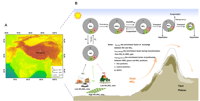 该研究得到国家重点研发计划、中科院前沿科学重点部署项目、国家自然科学基金委员会面上项目、大气重污染成因与治理攻关项目等的支持。研究成果“Isotopic evidence that recent agriculture overprints climate variability in nitrogen deposition to the Tibetan Plateau”于3月7日在线发表于Environment International。李郑杰为第一作者,方运霆和Meredith G. Hastings为共同通讯作者,田立德等为合作作者。
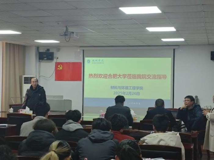 2月26日下午,合肥大学材料学院黄俊俊教授、胡恩柱教授、生物食品与环境工程学院叶劲松高级实验师、卫新来副教授和张金流副教授一行来金沙线路官网开展研究生招生宣传及工作交流。环境工程教研室主任傅妍芳、相关老师及学生代表参加交流。
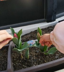 今週やっとチューリップの蕾が膨らみ始め、子どもたちと戸外に出掛ける時はその成長を見るようにしています。?
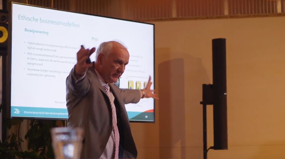 Ingmar de Gooijer is director Public Policy & Reimburcement bij myTomorrows. Die organisatie zet zich in voor betere toegang tot geneesmiddelen die in ontwikkeling zijn. In Den Haag schetste hij de jarenlange ontwikkeling van een medicijn, waarbij vooral de grootschalige derdefase studies erg kostbaar zijn. Naast de hoge kosten zijn beschikbaarheid voor mensen die baat hebben bij het nieuwe medicijn een probleem, en het ontbreken aan voldoende data.
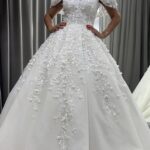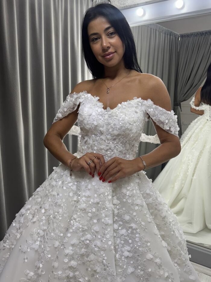 Розкішна весільна сукня принцесового силуету з відкритими плечима та жорстким корсетом. Вся поверхня оздоблена об’ємними 3D-квітами, бісером і паєтками, що створюють неймовірно сяючий ефект. Юбка щільна, з делікатним блиском, чудово тримає форму. Ідеальний вибір для нареченої, яка мріє про казковий, елегантний образ.
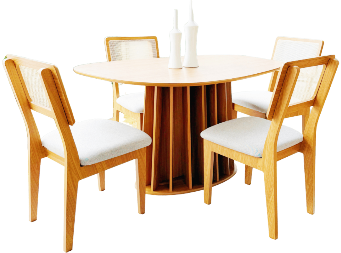 Cód PrzHvlYKMesa Olga tem 1.35x90 e acomodam quatro lugares confortáveis. Base diferente em madeira deixando seu ambiente leve e descontraído
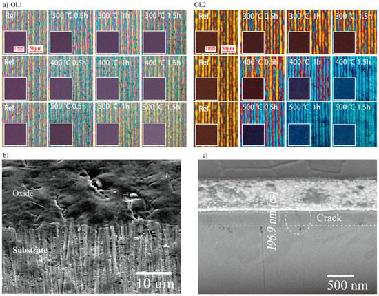 Macroscopic color and microscope images of (a) sample oxide layer 1 (OL1) and oxide layer 2 (OL2) before and after the thermal annealing at 300, 400, and 500 °C, duration of 0.5, 1.0, and 1.5 h, respectively. (b) SEM image of the oxide and substrate surface (c) FIB-SEM section image of the oxide thickness. (FIB-SEM: focused ion beam combined with scanning electron microscope)

####################

Directions for this task – Please copy the data shown above, line by line and exactly, omitting the images.

Answer space –
 该研究得到国家重点研发计划、中科院前沿科学重点部署项目、国家自然科学基金委员会面上项目、大气重污染成因与治理攻关项目等的支持。研究成果“Isotopic evidence that recent agriculture overprints climate variability in nitrogen deposition to the Tibetan Plateau”于3月7日在线发表于Environment International。李郑杰为第一作者,方运霆和Meredith G. Hastings为共同通讯作者,田立德等为合作作者。
 2月26日下午,合肥大学材料学院黄俊俊教授、胡恩柱教授、生物食品与环境工程学院叶劲松高级实验师、卫新来副教授和张金流副教授一行来金沙线路官网开展研究生招生宣传及工作交流。环境工程教研室主任傅妍芳、相关老师及学生代表参加交流。
 今週やっとチューリップの蕾が膨らみ始め、子どもたちと戸外に出掛ける時はその成長を見るようにしています。?
 Ingmar de Gooijer is director Public Policy & Reimburcement bij myTomorrows. Die organisatie zet zich in voor betere toegang tot geneesmiddelen die in ontwikkeling zijn. In Den Haag schetste hij de jarenlange ontwikkeling van een medicijn, waarbij vooral de grootschalige derdefase studies erg kostbaar zijn. Naast de hoge kosten zijn beschikbaarheid voor mensen die baat hebben bij het nieuwe medicijn een probleem, en het ontbreken aan voldoende data.
 Розкішна весільна сукня принцесового силуету з відкритими плечима та жорстким корсетом. Вся поверхня оздоблена об’ємними 3D-квітами, бісером і паєтками, що створюють неймовірно сяючий ефект. Юбка щільна, з делікатним блиском, чудово тримає форму. Ідеальний вибір для нареченої, яка мріє про казковий, елегантний образ.
 Cód PrzHvlYKMesa Olga tem 1.35x90 e acomodam quatro lugares confortáveis. Base diferente em madeira deixando seu ambiente leve e descontraído
 Macroscopic color and microscope images of (a) sample oxide layer 1 (OL1) and oxide layer 2 (OL2) before and after the thermal annealing at 300, 400, and 500 °C, duration of 0.5, 1.0, and 1.5 h, respectively. (b) SEM image of the oxide and substrate surface (c) FIB-SEM section image of the oxide thickness. (FIB-SEM: focused ion beam combined with scanning electron microscope)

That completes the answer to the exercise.